Member of the Philippine House of Representatives from Manila's 6th District
- In office June 30, 2001 – March 6, 2003
- Preceded by: Sandy Ocampo
- Succeeded by: Benny Abante

Personal details
- Born: Mario Crespo December 31, 1946 Cabiao, Nueva Ecija, Philippines
- Died: April 25, 2017 (aged 70) Manila, Philippines
- Occupation: Businessman, politician

= Mark Jimenez =

Filipino businessman and politician

Mario Crespo, professionally and widely known as Mark Jimenez (December 31, 1946 – April 25, 2017), was a Filipino businessman, corporate executive, and politician who served as a Member of the House of Representatives representing Manila's 6th District from 2001 until his disqualification in 2003. He was a prominent figure during the administration of President Joseph Estrada, serving as a close advisor and presidential consultant.

== Early life and career ==
Jimenez was born Mario Crespo in Cabiao, Nueva Ecija. He eventually relocated to the United States and built a career as a successful businessman and corporate executive, particularly in the technology sector, where he established computer distribution networks in Latin America and the United States.
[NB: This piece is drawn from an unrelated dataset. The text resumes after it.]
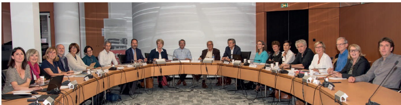
© Fondation APICIL - Réunion des Conseils d'Administration et Scientifique

La Fondation APICIL est sollicitée par des soignants, des associations de patients, des organismes de recherche qui ont des idées innovantes et audacieuses pour améliorer la prise en charge de la douleur. Elle encourage les pratiques complémentaires, l'évaluation des techniques, la recherche, la formation du personnel médical et l'information de tous les publics. Pour être retenu, un projet doit répondre à un certain nombre de critères dont la reproductibilité, l'essaimage, la faisabilité à plus grande échelle, la notion d'intérêt général et l'engagement de la structure.

During his business ventures, he adopted the name Mark Jimenez.

== Involvement in the Estrada Administration ==
Jimenez returned to the Philippines and became heavily involved in the political circle of Joseph Estrada during his presidential campaign and subsequent victory in 1998. Estrada dubbed Jimenez a "corporate genius" for his business acumen and financial strategies. He served as Estrada's presidential consultant on Latin American affairs and played an influential role behind the scenes in major corporate acquisitions and state decisions during the administration.

== Congressional term and legal controversies ==
In 2001, Jimenez ran and won as an independent candidate representing Manila's 6th congressional district in the House of Representatives of the Philippines. However, his political career faced intense legal challenges due to an impending extradition request from the United States government.

=== United States criminal case and extradition ===
Jimenez faced criminal charges in the United States related to illegal campaign contributions to the U.S. Democratic Party, wire fraud, mail fraud, and tax evasion. The United States government filed an extradition treaty request, which culminated in a landmark legal battle reaching the Supreme Court of the Philippines. In December 2002, Jimenez surrendered to Philippine authorities and agreed to be extradited to the United States to face trial.

Following his departure, the House of Representatives Electoral Tribunal (HRET) unseated Jimenez from his congressional post on March 6, 2003, citing eligibility issues and a failure to maintain residency requirements.

=== Incarceration ===
In the United States, Jimenez entered a plea bargain and pleaded guilty to charges of tax evasion and conspiracy to commit fraud. He was sentenced to 27 months in federal prison. He served his sentence at the Federal Correctional Institution in Miami, Florida, before being released and returning to the Philippines in 2005.

== Death ==
Jimenez died on April 25, 2017, at the age of 70 following a stroke. His family announced his passing, and his wake was held at the Heritage Memorial Park in Taguig.